2024/10/07 12:05:10 [warn] 1#0: the "user" directive makes sense only if the master process runs with super-user privileges, ignored in /kong_prefix/nginx.conf:7
nginx: [warn] the "user" directive makes sense only if the master process runs with super-user privileges, ignored in /kong_prefix/nginx.conf:7
2024/10/07 12:05:14 [notice] 1#0: [lua] init.lua:791: init(): [request-debug] token for request debugging: ccbb05a0-6e76-4cb7-9e5d-346690a3c69f
2024/10/07 12:05:14 [emerg] 1#0: bind() to unix:/kong_prefix/sockets/we failed (98: Address already in use)
nginx: [emerg] bind() to unix:/kong_prefix/sockets/we failed (98: Address already in use)
2024/10/07 12:05:14 [notice] 1#0: try again to bind() after 500ms
2024/10/07 12:05:14 [emerg] 1#0: bind() to unix:/kong_prefix/sockets/we failed (98: Address already in use)
nginx: [emerg] bind() to unix:/kong_prefix/sockets/we failed (98: Address already in use)
2024/10/07 12:05:14 [notice] 1#0: try again to bind() after 500ms
2024/10/07 12:05:14 [emerg] 1#0: bind() to unix:/kong_prefix/sockets/we failed (98: Address already in use)
nginx: [emerg] bind() to unix:/kong_prefix/sockets/we failed (98: Address already in use)
2024/10/07 12:05:14 [notice] 1#0: try again to bind() after 500ms
2024/10/07 12:05:14 [emerg] 1#0: bind() to unix:/kong_prefix/sockets/we failed (98: Address already in use)
nginx: [emerg] bind() to unix:/kong_prefix/sockets/we failed (98: Address already in use)
2024/10/07 12:05:14 [notice] 1#0: try again to bind() after 500ms
2024/10/07 12:05:14 [emerg] 1#0: bind() to unix:/kong_prefix/sockets/we failed (98: Address already in use)
nginx: [emerg] bind() to unix:/kong_prefix/sockets/we failed (98: Address already in use)
2024/10/07 12:05:14 [notice] 1#0: try again to bind() after 500ms
2024/10/07 12:05:14 [emerg] 1#0: still could not bind()
nginx: [emerg] still could not bind()

[joran-fonjallaz]

FYI: the "deadlock" is removed by restarting the pods manually

kubectl -n kong-dbless delete pods --selector=app.kubernetes.io/instance=kong-green

then kong KIC pods (controller and gateways) restart normally.

[StarlightIbuki]

It seems your issue has been resolved.

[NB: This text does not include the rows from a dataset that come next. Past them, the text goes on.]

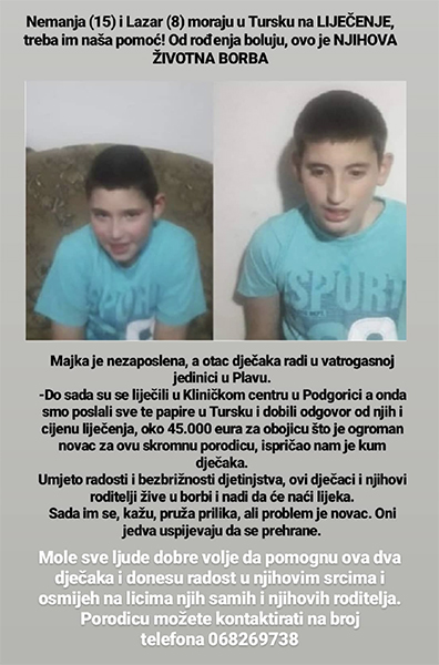 Apel za pomoc braci Novicevic iz Plava (2. decembar 2019)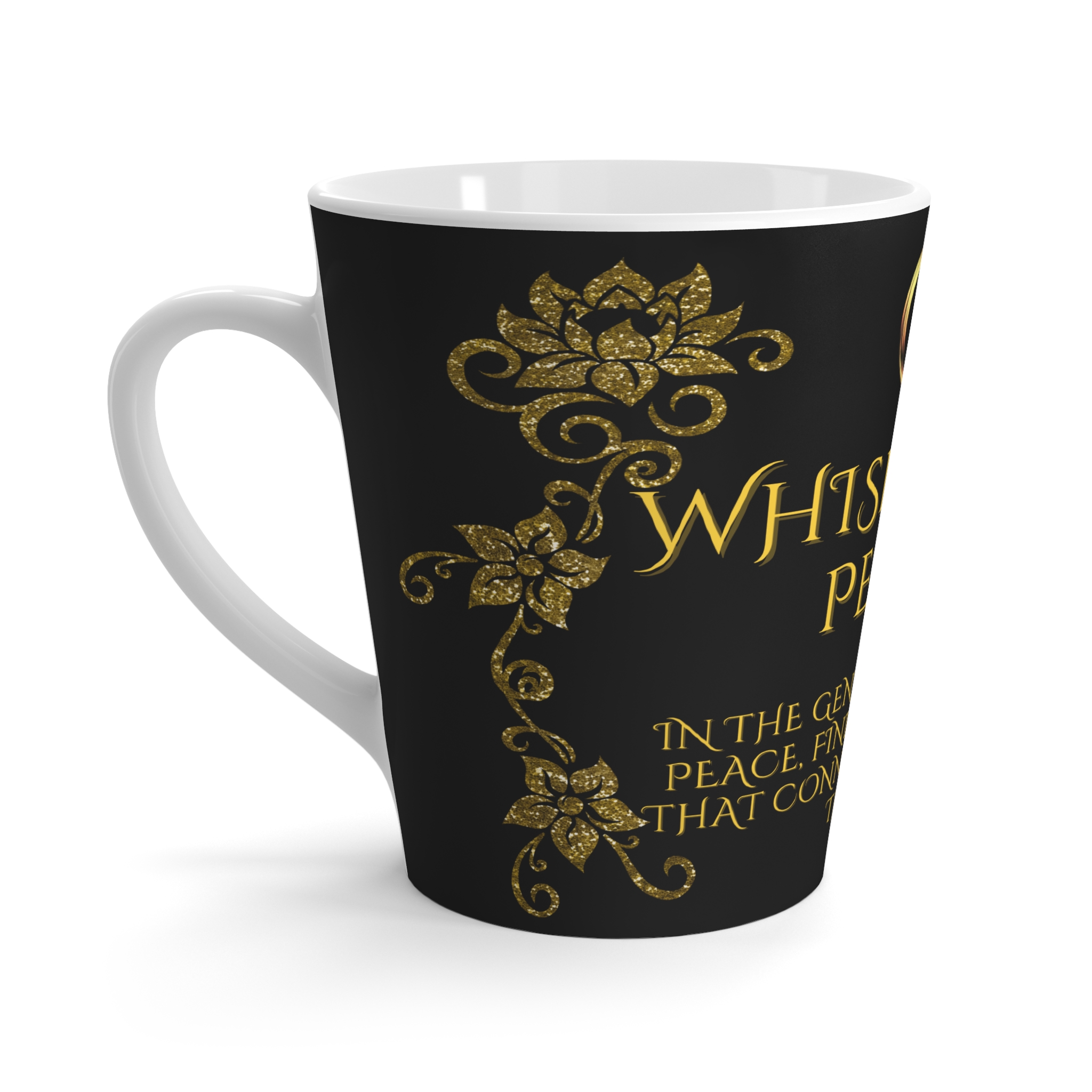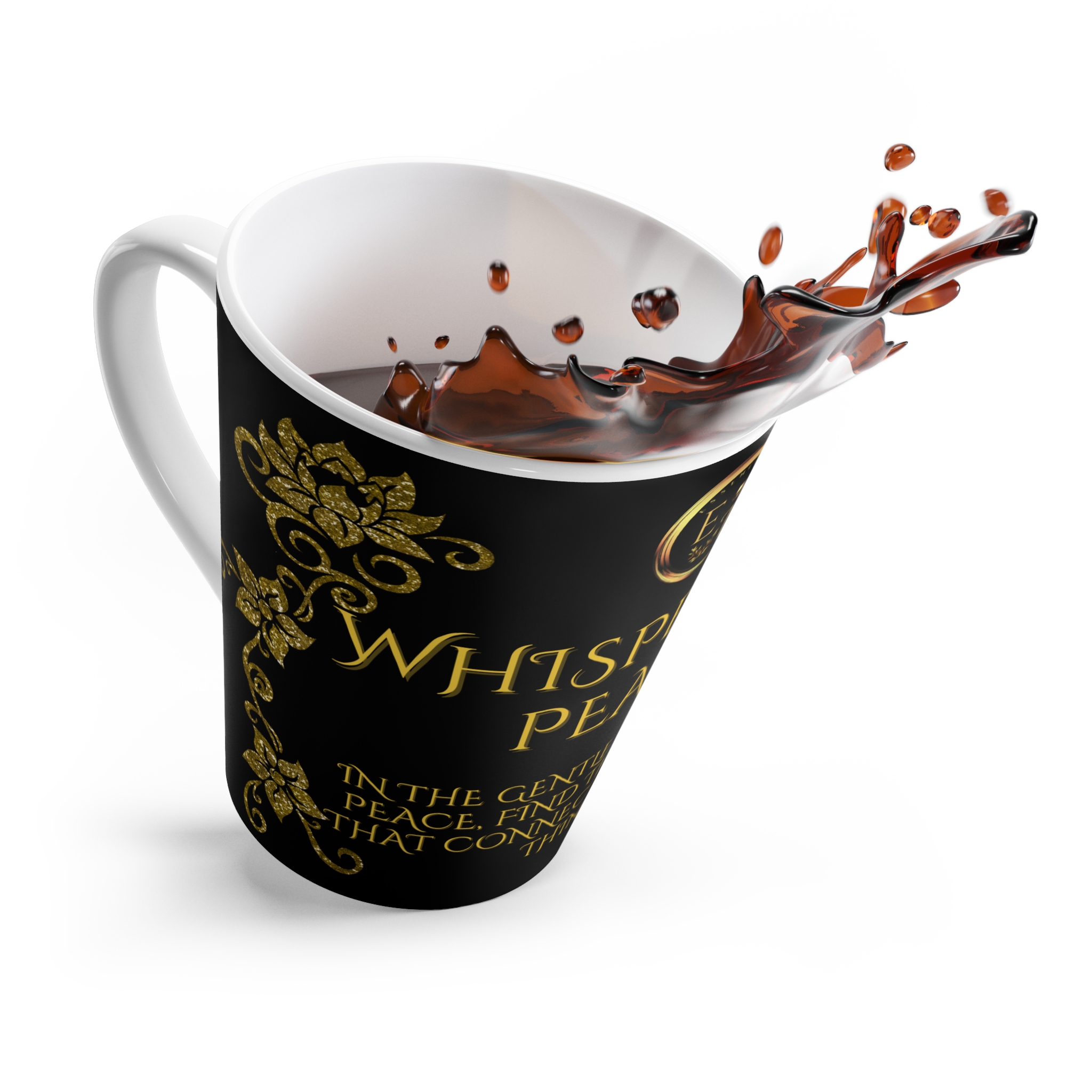 The Her Whispers Peace Black luxury ceramic mug offers 12oz of bold elegance with golden floral accents, crafted for strength and serenity.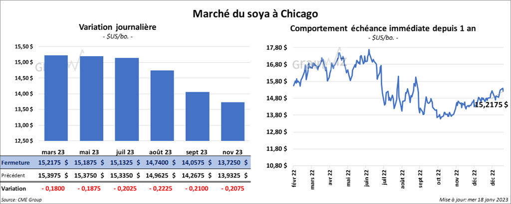 Les contrats de soya US aux échéances les plus rapprochées ont clôturé en recul entre 18 et 20 ¼ cents. Ceux de tourteau de soya US aux échéances les plus rapprochées ont également fini dans le rouge entre 3,10 et 8,40 $/tonne. Les contrats d’huile de soya US aux échéances les plus rapprochées ont terminé la journée en hausse entre 25 et 28 points.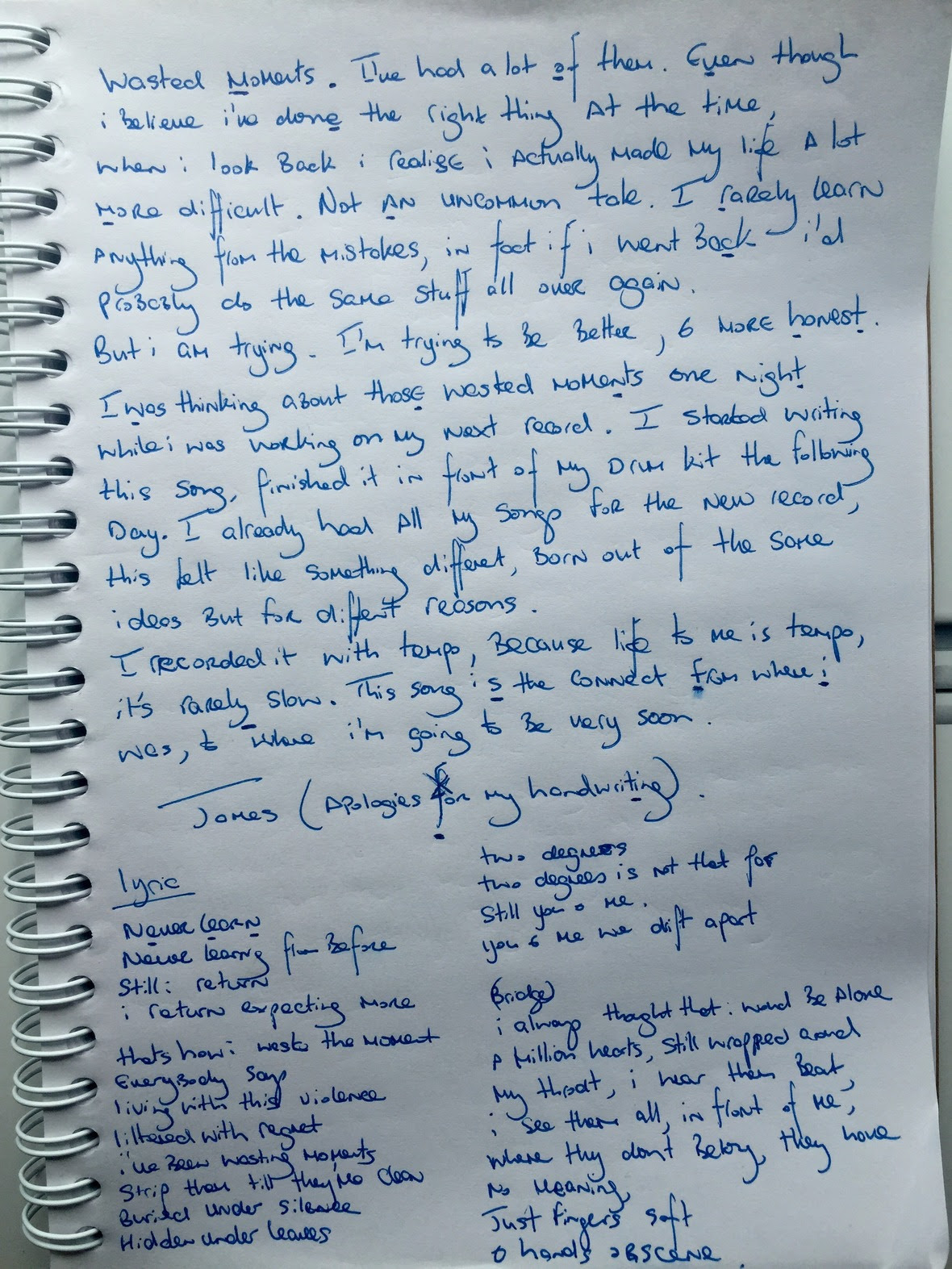 The bold James V McM has dropped a tune onto Soundcloud which is being seen as a taster sized treat of what is in store from his forthcoming album. It has come complete with a handwritten letter and an apology for his hand writing. It is a bit scruffy.

Feel free to reopen if you have any further concern.

[joran-fonjallaz]

thanks @StarlightIbuki for taking this issue. However, your answer doesn't help much. Could you please point me to the resolution ? How has this issue been solved ? And what's the fix ?

Thank you in advance

[StarlightIbuki]

thanks @StarlightIbuki for taking this issue. However, your answer doesn't help much. Could you please point me to the resolution ? How has this issue been solved ? And what's the fix ?

Thank you in advance

Sorry I thought you had found the solution. @randmonkey Could you also take a look into this?